仁多地方行軍の4

以下戦況の記述。なかなか勇ましいのである。
敵は木次町附近、味方は里方村に本陣を置くと知れた。筆者は中隊長の傍らに居るが記録する暇もない。敵は白帽子、味方は黒帽子である。六百メートル先の木次土手のあたりに敵が展開する。銃の射撃、白煙があがる。

この銃、弾丸は何をつかっているのだろう。まさか実弾をつかって本当に殺し合いをやっている筈は無い。空砲かと思っていたのだが、後述にこの丸を受けて顔面を負傷する部分が有る。当時ではどういうルールにしたがって模擬戦をしていたのかは自明の理なのだろうが、現在になってみると説明されることのない「常識」が壁になってしまうのは皮肉である。

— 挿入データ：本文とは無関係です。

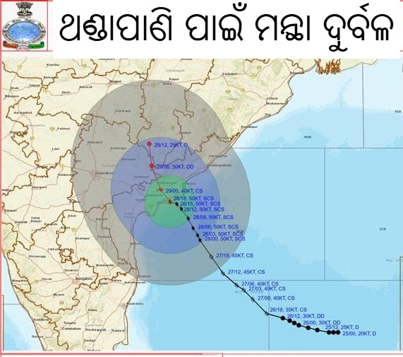 ମଙ୍ଗଳବାର ସକାଳେ ଘଣ୍ଟାପ୍ରତି ୧୫ କିମି ବେଗରେ ମାଡ଼ି ଆସୁଥିବା ‘ମୋନ୍ଥା’ ଅପରାହ୍ଣ ବେଳକୁ ହଠାତ୍ ମନ୍ଥର ହୋଇ ଯାଇଥିଲା । ଘୂର୍ଣ୍ଣିଝଡ଼ ମନ୍ଥା ହଠାତ୍ ଉପକୂଳ ନିକଟରେ ଦୁର୍ବଳ ହୋଇଗଲା । କାରଣ ବାତ୍ୟା ମଧ୍ୟରେ ଥଣ୍ଡା ପାଣି ପ୍ରବେଶ କରିଥିଲା ଏବଂ ବାୟୁ ସୁପ୍ତ ଉତ୍ତାପ ମୁକ୍ତ ହୋଇଥିଲା, ଫଳରେ ସମୁଦ୍ର ଜଳ ଉପଯୁକ୍ତ ତାପମାତ୍ରା ବଜାୟ ରଖିବା ପାଇଁ ଯଥେଷ୍ଟ ହେଲା ନାହିଁ । ଏହାପରେ ଗତ ତିନି ଘଣ୍ଟା ମଧ୍ୟରେ ମେଘ ପଶ୍ଚିମ ଦିଗକୁ ଗତି କରୁଛି ଏବଂ ଆନ୍ଧ୍ର ପ୍ରଦେଶ ସଂଲଗ୍ନ ଦକ୍ଷିଣ ଓଡ଼ିଶାରେ ସ୍ପଷ୍ଟ ହେଉଛି। ତେଣୁ, ଆଜିଠାରୁ ଅକ୍ଟୋବର 30 ତାରିଖ ପର୍ଯ୍ୟନ୍ତ ଓଡ଼ିଶାର ଦକ୍ଷିଣ ଏବଂ ପଶ୍ଚିମ ଅଂଶ ସମେତ ଆଭ୍ୟନ୍ତରୀଣ ଜିଲ୍ଲାଗୁଡ଼ିକରେ ହାଲୁକାରୁ ମଧ୍ୟମ ବର୍ଷା ହୋଇପାରେ। ତଥାପି, ଏହି ସମୟ ମଧ୍ୟରେ ପ୍ରବଳ ଝଡ଼ବର୍ଷା ହୋଇପାରେ। ଭୁବନେଶ୍ୱର ସମେତ ଉପକୂଳବର୍ତ୍ତୀ ଜିଲ୍ଲାଗୁଡ଼ିକରେ ଆସନ୍ତାକାଲି ହାଲୁକାରୁ ମଧ୍ୟମ ବର୍ଷା ହୋଇପାରେ।
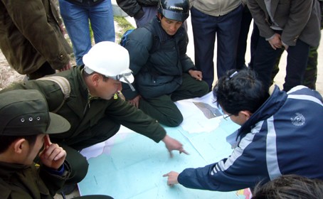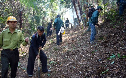 | Làm đường băng cản lửa tại khu vực giáp ranh giữa thôn Séo Mý Tỷ và thôn Dền Thàng. |
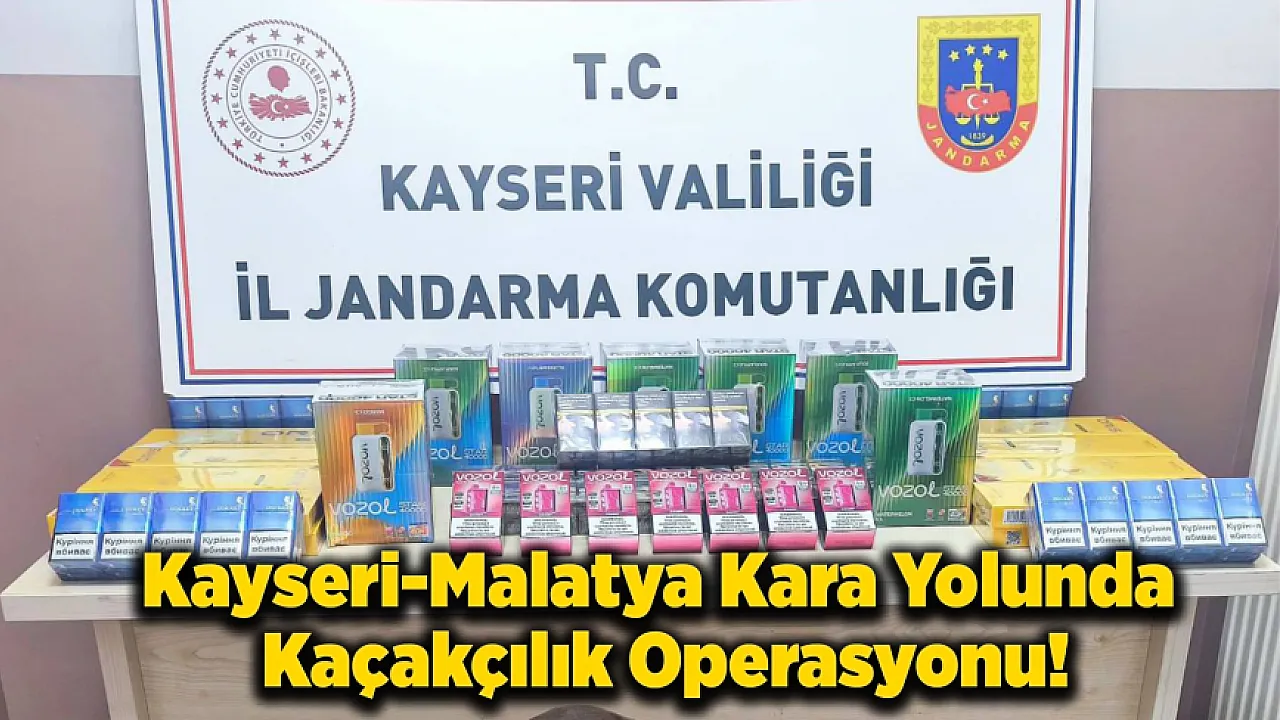 Kayseri-Malatya kara yolunda gerçekleştirilen kaçakçılık operasyonunda 250 paket bandrolsüz sigara ve 77 elektronik sigara ele geçirildi, 2 sürücü gözaltına alındı.

ただこれを「戦争ごっこ」というには当然語弊が有る。数年先彼等は徴兵され、中国大陸において戦闘を行った筈である。悠長なお遊びではない戦闘のための訓練なのだ。

戦雲低く垂れて血雨止に落ちなむとし、四顧悉く凄殺の気充溢す。玉散る剣を揮って陣頭に起てる小島第一中隊長は、大声叫び伝ひけらく、敵は木次町(註 きすきーちょう)附近にあるものの如し、

我中隊は前衛となりて大に之を撃退せんとす、機や既に至れり、汝将士よくつとめよと。乃ち命により、倉崎左翼士官尖兵長として第一小隊の第一分隊を率ゐてまづ発し、

森山第一小隊長はその第二分隊に将として一縷の畦路を求め、左側里方村を占領し大に敵の右側側面を衝かんとす。
予は常に第一中隊長の傍に侍して戦況を記するに暇なく、陶山衛生長また傍に属して不時の急恙に備ふ。


敵は何処ぞ、いで一発の下に挫きくれむと意気捲き居る我軍の将卒、威まさに凛として襲ふべからざるの風あり。
今沈みゆく夕陽眩く帽廂を射る所、双眼鏡をとりて只管敵状を窺ひつつありし我中隊長は、すは敵兵ありつ、第二小隊第三小隊進めつ!その声の如何に鋭く、如何に凄婉なりしぞ。小手をかざせば、

げにや約六百米突の前方木次堤のあたり、敵の白帽は二三點動きそめぬ、落日は映ずる敵の尖兵長吉岡左翼士官が剣光も勇ましく。


既にして敵兵漸く現はれて、一隊長く堤上に散開すれば、遽然パッと起る白煙すさまじく、見る見る天地の寂寞を破りて殷々たる銃声天轟にき、弾雨惨として我軍に向ひ来る。されど精を拔ける我尖兵何でか屈せん、此処ぞ我が腕を試むる時よと、猛虎奮進の勢を以て一斉に彼方見かけて進みけり。此れぞ本日の開戦とぞ知られける。


敵の前衛遂に如何ともしがたりけむ、自ら里熊橋を破壊して我進路を遮り、走り去って簸の川を前に控え、余勢尚猛烈なり時に、我第二分隊は里方村より進みて我が尖兵と合し、奮然として敵に当たりぬ。